▶ [Given information]:
━━━━━━━━
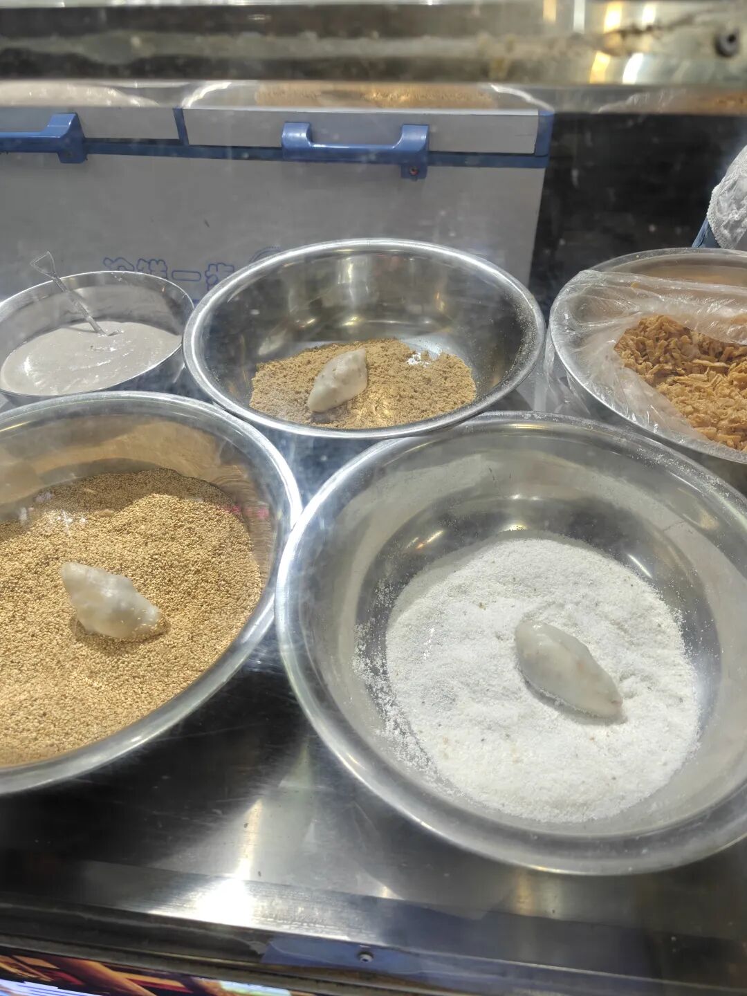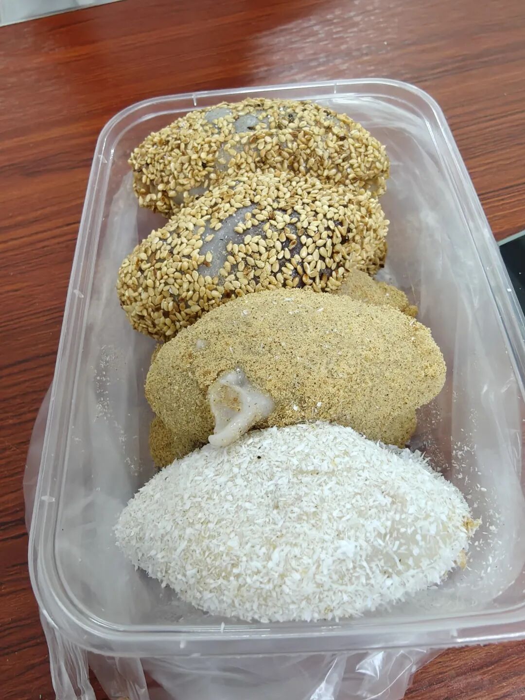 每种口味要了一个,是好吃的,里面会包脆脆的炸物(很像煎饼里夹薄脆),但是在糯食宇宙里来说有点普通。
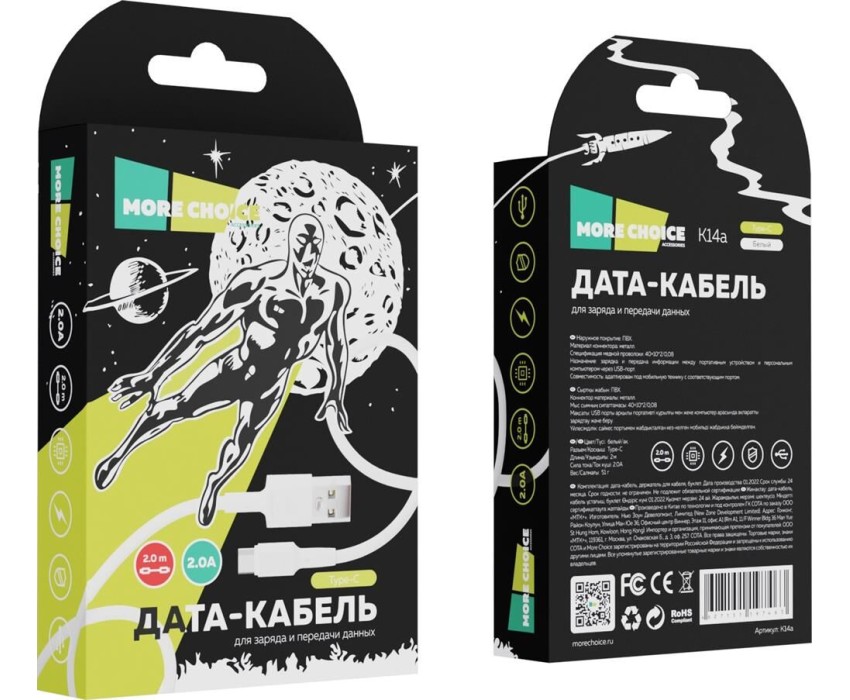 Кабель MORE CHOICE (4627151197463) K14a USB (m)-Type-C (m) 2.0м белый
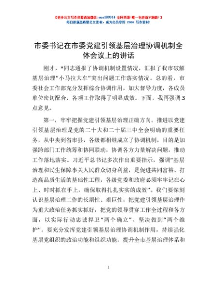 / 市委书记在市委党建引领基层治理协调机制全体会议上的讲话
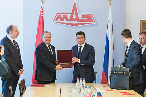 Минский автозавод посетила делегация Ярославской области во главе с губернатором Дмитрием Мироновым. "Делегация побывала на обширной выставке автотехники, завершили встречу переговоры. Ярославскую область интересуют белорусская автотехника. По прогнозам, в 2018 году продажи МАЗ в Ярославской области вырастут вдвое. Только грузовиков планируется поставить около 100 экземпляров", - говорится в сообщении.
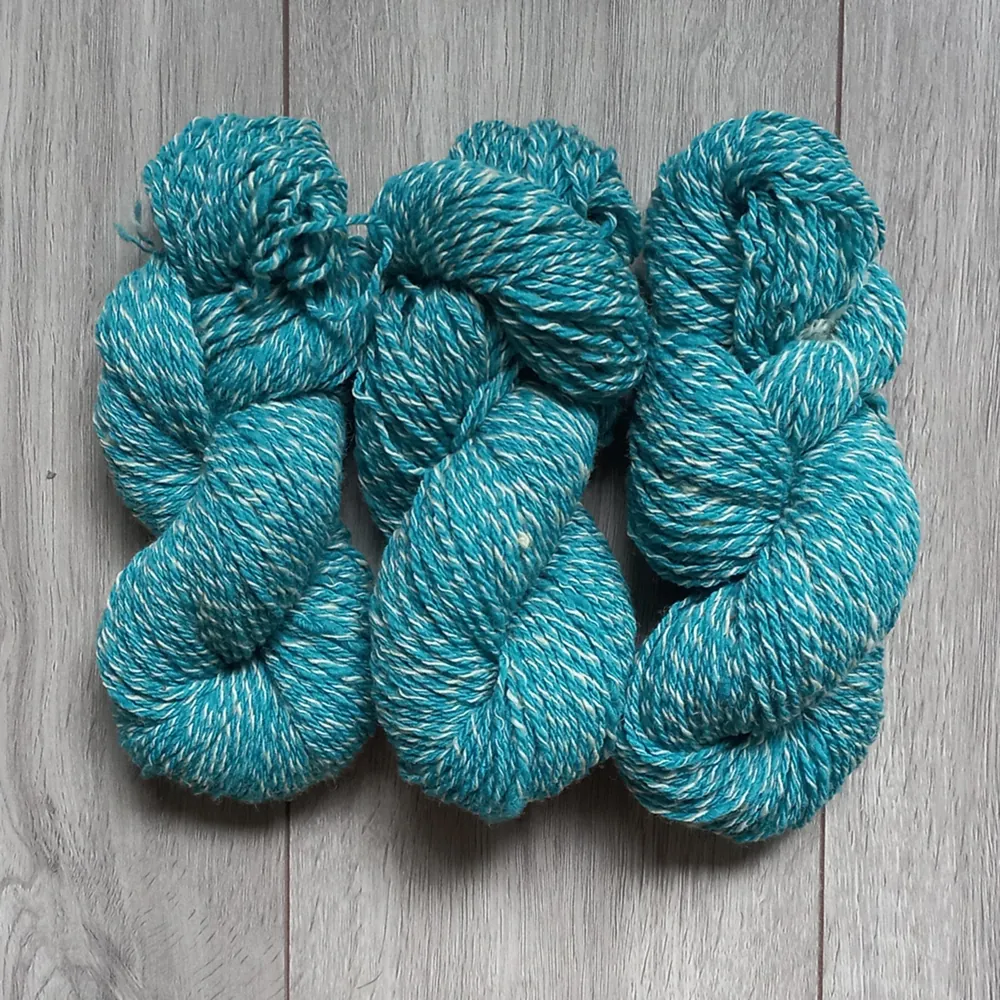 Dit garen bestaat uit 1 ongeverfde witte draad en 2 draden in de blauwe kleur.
━━━━━━━━
▶ [What you have to do]: Only the listing above, set down exactly and without pictures, belongs in the answer.

▶ [Response box]:
 每种口味要了一个,是好吃的,里面会包脆脆的炸物(很像煎饼里夹薄脆),但是在糯食宇宙里来说有点普通。
 Кабель MORE CHOICE (4627151197463) K14a USB (m)-Type-C (m) 2.0м белый
 / 市委书记在市委党建引领基层治理协调机制全体会议上的讲话
 Минский автозавод посетила делегация Ярославской области во главе с губернатором Дмитрием Мироновым. "Делегация побывала на обширной выставке автотехники, завершили встречу переговоры. Ярославскую область интересуют белорусская автотехника. По прогнозам, в 2018 году продажи МАЗ в Ярославской области вырастут вдвое. Только грузовиков планируется поставить около 100 экземпляров", - говорится в сообщении.
 Dit garen bestaat uit 1 ongeverfde witte draad en 2 draden in de blauwe kleur.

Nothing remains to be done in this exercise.